Mayotte de nouveau dans la rue contre la vie chère

La Croix, 24 octobre 2011 :

« Nous continuerons aussi longtemps qu’il le faudra ! » Salim Nahouda, leader de la CGT, martèle le slogan au mégaphone sur la place principale de Mamoudzou, chef-lieu de Mayotte. Nous sommes lundi 24 octobre au matin, et l’île entre dans une quatrième semaine de grève générale.

Cet après-midi, le syndicaliste doit participer avec ses pairs à une réunion de l’observatoire des prix en présence du médiateur, Stanislas Martin, tout juste arrivé de Paris. Une réunion qualifiée de « test » par les membres de l’intersyndicale. « Il s’agit de savoir si le médiateur est mandaté pour négocier », répète le cégétiste. Sous-entendu : si ce n’est pas le cas, nous l’ignorerons et poursuivrons la lutte.

En attendant, le ténor de la CGT locale chauffe la place. Déjà, quelques centaines de personnes se pressent pour organiser une manifestation de sensibilisation dans le centre-ville, alors que des barrages ont été dressés sur certaines voies et que la barge entre Petite-Terre et Grande-Terre fonctionne au ralenti. La plupart des secteurs d’activité de l’île sont paralysés.

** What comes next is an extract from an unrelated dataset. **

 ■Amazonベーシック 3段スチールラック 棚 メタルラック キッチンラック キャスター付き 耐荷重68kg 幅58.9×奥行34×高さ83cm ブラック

Les manifestants veulent demander la fermeture des petits commerces et investir les administrations (impôts, poste, etc.) pour convaincre ceux qui sont encore non-grévistes d’arrêter le travail. Les rapports entre boutiquiers et manifestants sont tendus, ces derniers pensant, comme Salim Nahouada, que « les petits commerçants profitent de la situation de crise pour pratiquer des prix exorbitants ».

Lutte contre la vie chère

Plus que jamais, la lutte contre la vie chère est à l’ordre du jour. Alors que la réunion de l’observatoire des prix a commencé, une foule de plus en plus nombreuse converge vers la place de la République. Plusieurs personnes brandissent leur ticket de caisse, comme Mariam, infirmière libérale et mère de trois enfants, qui montre la ligne « cuisses de poulet » (la viande de poulet est très appréciée des Mahorais) : 10 kg pour 21,50 €.

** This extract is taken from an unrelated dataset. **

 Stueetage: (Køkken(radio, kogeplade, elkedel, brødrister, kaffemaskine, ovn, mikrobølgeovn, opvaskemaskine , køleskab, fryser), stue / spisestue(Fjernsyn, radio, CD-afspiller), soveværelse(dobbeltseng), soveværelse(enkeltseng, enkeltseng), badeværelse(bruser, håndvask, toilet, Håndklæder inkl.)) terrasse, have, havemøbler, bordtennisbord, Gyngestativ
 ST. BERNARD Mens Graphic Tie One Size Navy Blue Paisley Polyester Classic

« Dans les récentes négociations, rapporte la jeune femme, les grands distributeurs ont accepté de faire passer le prix pour cette quantité de 27 € à 19,90 €. Cela veut dire qu’avec une baisse de 7 € – qui soit dit en passant n’est pas encore complètement réalisée – ils ne vendent pas à perte et que, pendant des années, ils se sont remplis les poches sur notre dos. »

Ce début de quatrième semaine de grève générale est aussi un moment de vérité pour les responsables de la sécurité. Arrivé en août, le préfet Thomas Degos, 39 ans, ancien directeur de cabinet de Jean-Louis Borloo au ministère de l’environnement, est toujours confronté à une mise en cause, par la population, des forces de l’ordre dans la mort, le 19 octobre, du manifestant Ali El Anziz.